Does anyone have any suggestions how I can force (persuade, encourage) Oracle to store the clob value in-line in the table? (I'm hoping to achieve similar response times to reading the varchar2 column z)
UPDATE: If I run this SQL
select COLUMN_NAME, IN_ROW, l.SEGMENT_NAME, SEGMENT_TYPE, BYTES, BLOCKS, EXTENTS
from user_lobs l
JOIN USER_SEGMENTS s
on (l.Segment_Name = s. segment_name )
where table_name = 'CLOBTEST'
then I get the following results ...
Y YES SYS_LOB0000398621C00002$$ LOBSEGMENT 65536 8 1
The behavior of Oracle LOBs is the following.

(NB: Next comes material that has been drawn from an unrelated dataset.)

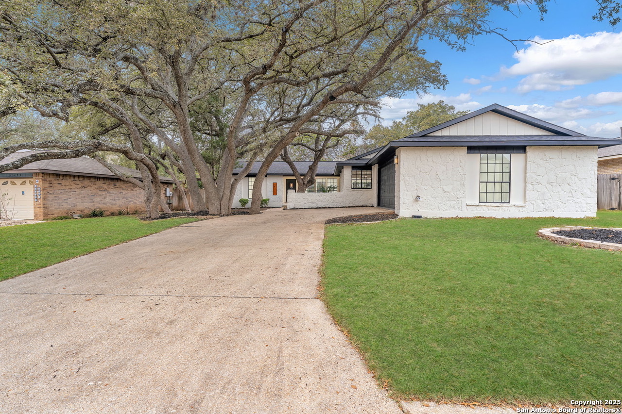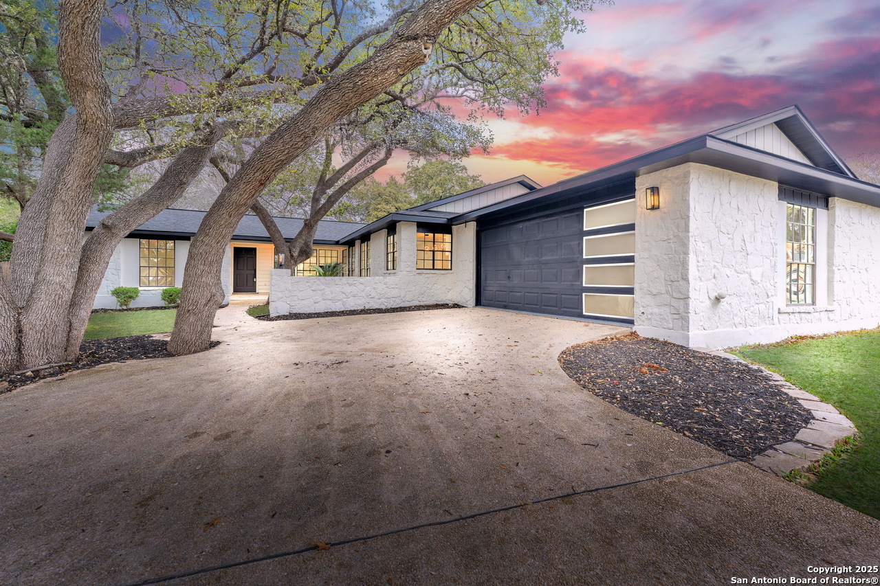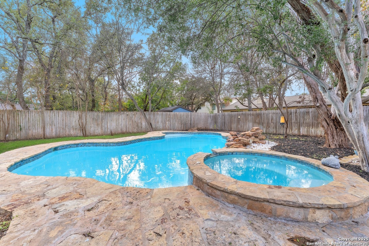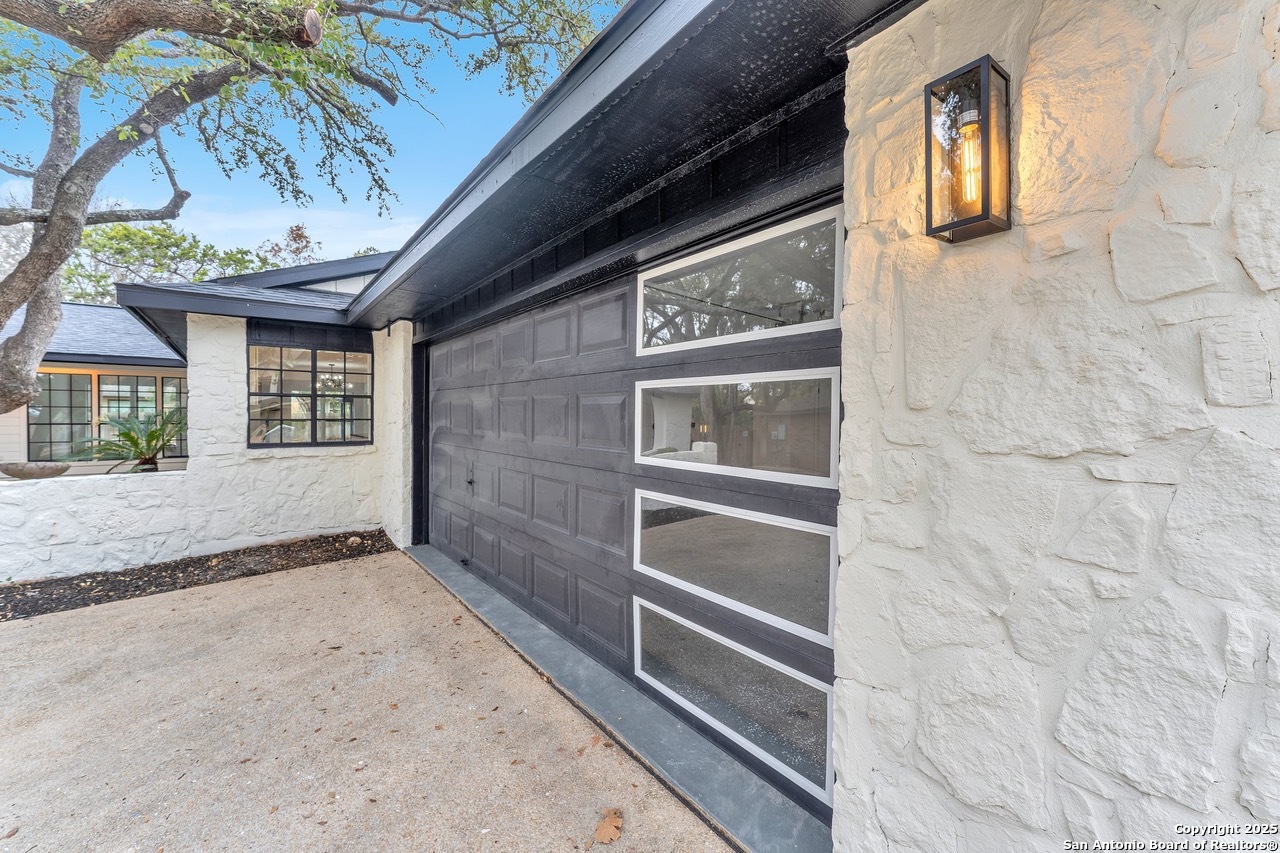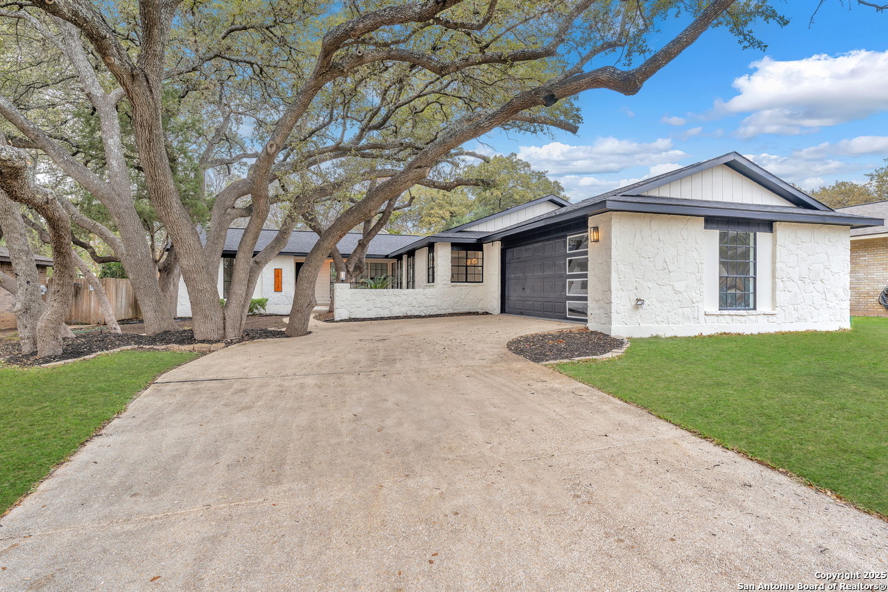 Luxurious 3 bed /2 bath dream home with gorgeous in-ground pool and waterfall spa. Stunningly renovated, this modern, light-filled showcase has an open living layout with breathtaking scenic windows. Dramatic living room is the perfect entertaining space with gas fireplace and pool views. Focal point is the beautifully sleek monochromatic kitchen with large island. Kitchen features include quartz countertops, marbleized backsplash, floor to ceiling custom cabinetry, statement chandelier, and stainless-steel appliances. Relax in style in glamorous primary bedroom suite with vaulted ceiling and walk-in closet. Spa inspired bathroom has black marble tiled walk-in shower and dual vanities. Designer touches throughout home include black and gold light fixtures, black matte hardware, and oversized ceiling fans. Luxury laminate flooring throughout. Heated backyard swimming pool with waterfall spa provides a year-round oasis. Covered patio in the lush backyard is ideal for alfresco dining. Renovation improvements include new roof, electrical, plumbing, HVAC, and water heater. Conveniently located in the oak-lined, idyllic Oak Hollow neighborhood, near airport, parks, and shopping. NEISD Schools & No HOA. Fully renovated houses like this rarely come on the market in this neighborhood. Book your showing today!

A LOB is stored inline when:
(
The size is lower or equal than 3964
AND
ENABLE STORAGE IN ROW has been defined in the LOB storage clause
) OR (
The value is NULL
)
A LOB is stored out-of-row when:
(
The value is not NULL
) AND (
Its size is higher than 3964
OR
DISABLE STORAGE IN ROW has been defined in the LOB storage clause
)
Now this is not the only issue which may impact performance.
If the LOBs are finally not stored inline, the default behavior of Oracle is to avoid caching them (only inline LOBs are cached in the buffer cache with the other fields of the row). To tell Oracle to also cache non inlined LOBs, the CACHE option should be used when the LOB is defined.
The default behavior is ENABLE STORAGE IN ROW, and NOCACHE, which means small LOBs will be inlined, large LOBs will not (and will not be cached).
Finally, there is also a performance issue at the communication protocol level. Typical Oracle clients will perform 2 additional roundtrips per LOBs to fetch them:
- one to retrieve the size of the LOB and allocate memory accordingly
- one to fetch the data itself (provided the LOB is small)
These extra roundtrips are performed even if an array interface is used to retrieve the results. If you retrieve 1000 rows and your array size is large enough, you will pay for 1 roundtrip to retrieve the rows, and 2000 roundtrips to retrieve the content of the LOBs.
Please note it does not depend on the fact the LOB is stored inline or not. They are complete different problems.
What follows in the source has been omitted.